第九章 女尼
天气到了大暑,每日皆是烈日高悬。正午时分,天地间白亮亮一片,瞅哪哪晃眼。炎炎夏日暑气蒸腾,让人挥汗如雨打不起精神来,只能“伏”在家中。有钱的人家购买河冰放置在窖中取冰避暑,而大部分百姓只能在户外树荫下铺上草席纳凉唠嗑,或去河溪之中戏水一番。
这几日文社接近休课,朱尔旦这天下学没听同窗的鼓噪去吃酒。大热天儿的一脑门子汗,要是去空调房喝点冰啤倒是好的,烧酒就算了。所以他想早点回家同娘子一起宅在家里就好了。
这时,朱尔旦路过镇上最热闹的那块牌坊前的空场,却见到竟然挤满了人。人群中似乎有呼喝之声传来,外面竟然里三层外三层围的水泄不通。
朱尔旦顿觉好奇,心想:“这天气如此炎热,这些人却还在此扎堆围观什么把戏,难道说有什么奇异之处不成?”
于是他好奇心起,不禁也挤了过去。
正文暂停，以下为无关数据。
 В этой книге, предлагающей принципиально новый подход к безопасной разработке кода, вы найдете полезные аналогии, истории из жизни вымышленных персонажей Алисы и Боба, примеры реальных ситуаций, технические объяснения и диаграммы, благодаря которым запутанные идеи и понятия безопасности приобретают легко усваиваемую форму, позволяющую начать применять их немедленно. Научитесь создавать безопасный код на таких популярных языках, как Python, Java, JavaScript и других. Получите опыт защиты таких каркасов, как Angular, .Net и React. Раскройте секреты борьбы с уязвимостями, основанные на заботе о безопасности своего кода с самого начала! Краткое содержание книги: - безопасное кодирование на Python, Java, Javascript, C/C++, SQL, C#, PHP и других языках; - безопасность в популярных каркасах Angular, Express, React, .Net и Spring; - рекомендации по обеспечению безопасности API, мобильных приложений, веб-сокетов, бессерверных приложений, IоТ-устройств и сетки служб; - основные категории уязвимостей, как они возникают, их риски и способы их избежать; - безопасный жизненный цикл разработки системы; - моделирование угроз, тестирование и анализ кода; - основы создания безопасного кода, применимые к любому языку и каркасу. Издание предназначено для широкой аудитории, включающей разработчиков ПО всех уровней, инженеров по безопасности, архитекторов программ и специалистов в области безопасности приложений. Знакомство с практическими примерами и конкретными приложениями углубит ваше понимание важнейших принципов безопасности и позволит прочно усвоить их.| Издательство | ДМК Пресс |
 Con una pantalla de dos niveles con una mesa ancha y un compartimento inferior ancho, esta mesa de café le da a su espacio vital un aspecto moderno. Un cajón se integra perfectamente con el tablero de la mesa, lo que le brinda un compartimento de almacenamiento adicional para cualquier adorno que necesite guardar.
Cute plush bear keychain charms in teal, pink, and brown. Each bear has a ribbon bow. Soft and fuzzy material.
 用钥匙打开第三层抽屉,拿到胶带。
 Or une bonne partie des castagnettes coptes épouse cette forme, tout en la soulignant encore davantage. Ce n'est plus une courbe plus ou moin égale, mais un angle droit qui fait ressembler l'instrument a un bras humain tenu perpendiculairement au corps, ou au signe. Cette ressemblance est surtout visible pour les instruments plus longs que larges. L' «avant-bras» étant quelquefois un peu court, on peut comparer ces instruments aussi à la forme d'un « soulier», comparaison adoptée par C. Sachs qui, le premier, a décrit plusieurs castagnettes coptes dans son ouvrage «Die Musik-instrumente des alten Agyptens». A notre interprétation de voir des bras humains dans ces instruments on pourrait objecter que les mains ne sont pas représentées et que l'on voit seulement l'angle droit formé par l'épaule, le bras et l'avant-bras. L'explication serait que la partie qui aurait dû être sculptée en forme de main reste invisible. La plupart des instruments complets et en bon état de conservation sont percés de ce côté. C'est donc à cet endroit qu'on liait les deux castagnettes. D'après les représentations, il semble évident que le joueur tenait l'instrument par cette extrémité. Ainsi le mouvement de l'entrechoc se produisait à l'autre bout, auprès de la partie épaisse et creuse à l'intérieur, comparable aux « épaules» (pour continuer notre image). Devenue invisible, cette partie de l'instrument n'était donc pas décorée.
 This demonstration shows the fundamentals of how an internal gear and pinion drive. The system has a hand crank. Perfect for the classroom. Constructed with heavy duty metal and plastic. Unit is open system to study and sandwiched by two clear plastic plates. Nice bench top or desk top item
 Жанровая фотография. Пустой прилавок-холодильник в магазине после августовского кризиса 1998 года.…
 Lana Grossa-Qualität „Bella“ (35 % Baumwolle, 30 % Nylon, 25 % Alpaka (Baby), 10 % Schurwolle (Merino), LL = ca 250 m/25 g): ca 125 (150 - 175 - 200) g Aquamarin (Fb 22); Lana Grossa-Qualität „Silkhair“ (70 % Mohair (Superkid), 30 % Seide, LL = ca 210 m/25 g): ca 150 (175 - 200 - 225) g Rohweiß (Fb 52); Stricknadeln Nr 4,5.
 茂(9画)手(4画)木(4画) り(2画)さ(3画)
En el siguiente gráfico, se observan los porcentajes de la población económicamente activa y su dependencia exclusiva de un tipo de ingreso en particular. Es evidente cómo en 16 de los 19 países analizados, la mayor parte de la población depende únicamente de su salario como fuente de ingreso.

自己那只右臂似乎蛮横惯了,推推搡搡更是拿手好戏。一不小心便将人群推开一个缺口。朱尔旦一边往里走一边纷纷给众人赔罪。
进去之后他才发现居然是一个年轻俊美的小尼姑在卖弄拳脚,心想怪不得吸引这么多闲汉围观。朱尔旦看她舞的兴起,辗转腾挪好不热闹。
片刻,小尼姑突然收了拳势,于是身子顿时纹丝不动。却见她脸上面色如初,气息平稳,更是连汗水都没有一滴。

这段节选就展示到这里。